= Kalohialiʻiokawai =

12th-century chiefess of Hawaii

Kalohialiʻiokawai, (Note: Hawaiian pronunciation: Kah-loh-hee-ah-lee-eeh-oh-kah-wah-eeh) also spelled Kolohialiʻiokawai, was an ancient Hawaiian lady who became Chiefess of Hawaiʻi's the Big Island. A member of the noble family of Maui, Kalohialiʻiokawai was a spouse of ruler of the Big Island and grandmother of Pilikaʻaiea, founder of the Pili line and ancestor of Kamehameha I, King of the Kingdom of Hawaii.

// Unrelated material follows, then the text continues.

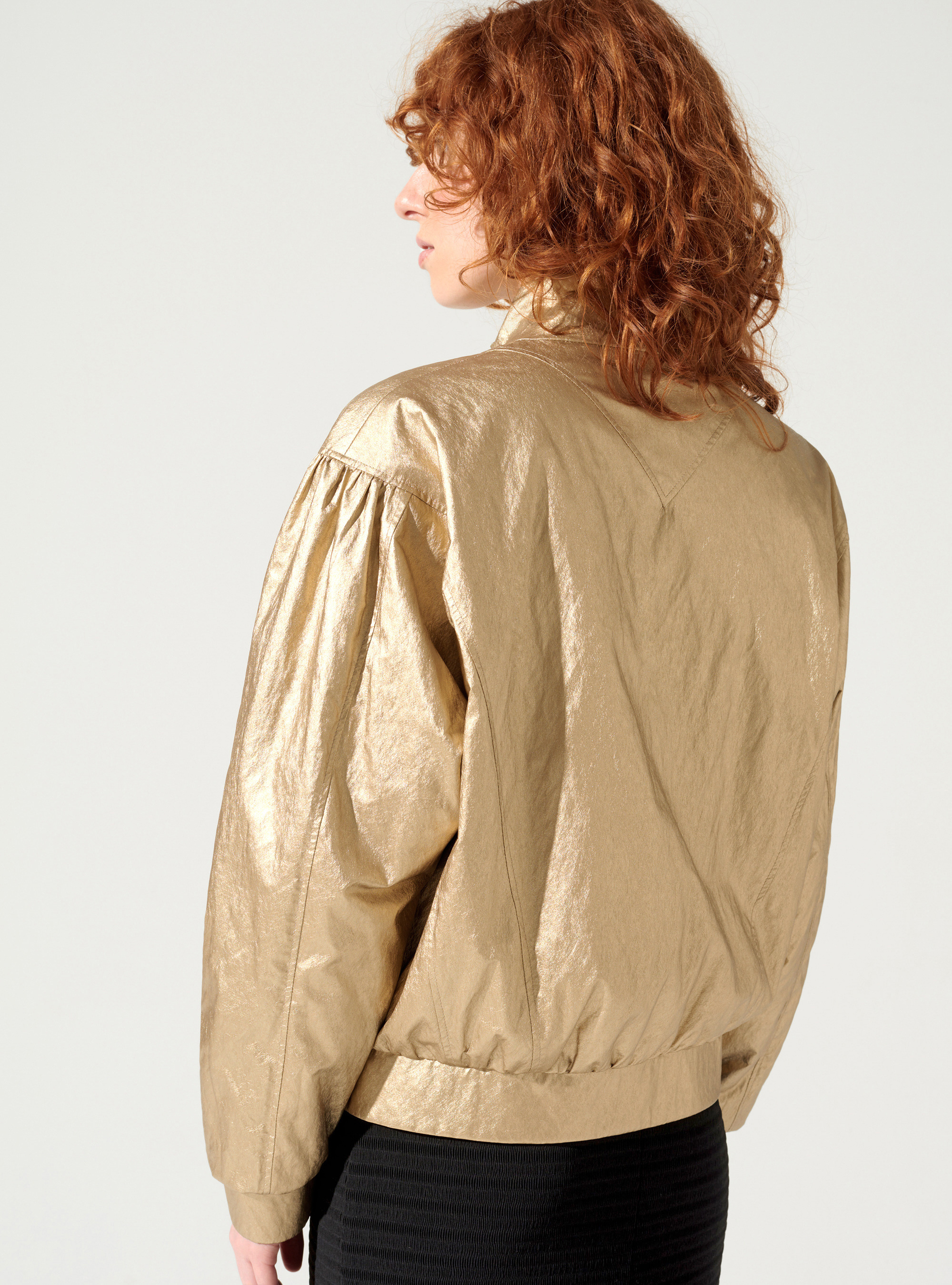 • Caractéristiques clés : Blouson à manches longues et bouffantes façon chauve-souris, froncées aux épaules et avec poignets resserrés dans le bas. Une pièce unique au volume volontairement exagéré aux épaules et appuyé sur les hanches pour une silhouette 70's renforcé par son tissu technique enduit d'un film doré or pâle et son aspect légèrement froissé. Doublé avec notre imprimé de la saison et une fine ouate pour lui donner un coté plus gonflant et doux.

It is unknown when Kalohialiʻiokawai was born, but it is likely that was on Maui, since her father was Hanalaʻa, Chief of Maui. According to one chronology, Hanalaʻa was born c. 1142. Mahuia (Mahuie) was Kalohialiʻiokawai's mother.

Princes Mauiloa and Lanakawai were Kalohialiʻiokawai's brothers and Mauiloa became Chief of Maui after Hanalaʻa's death. Whilst Mauiloa succeeded his father, Lanakawai started the reign over Hawai'i. Lanakawai married Kalohialiʻiokawai and the couple had son, Laʻau and daughter, Kukamolimaulialoha, who were married and went to Kahiki, whilst Kalohialiʻiokawai's grandchildren were Pilikaʻaiea and his sister-wife, Hina-au-kekele.

Although it is unknown what happened to Kalohialiʻiokawai, Lanakawai was succeeded by Kapawa, deposed by Kalohialiʻiokawai's grandson.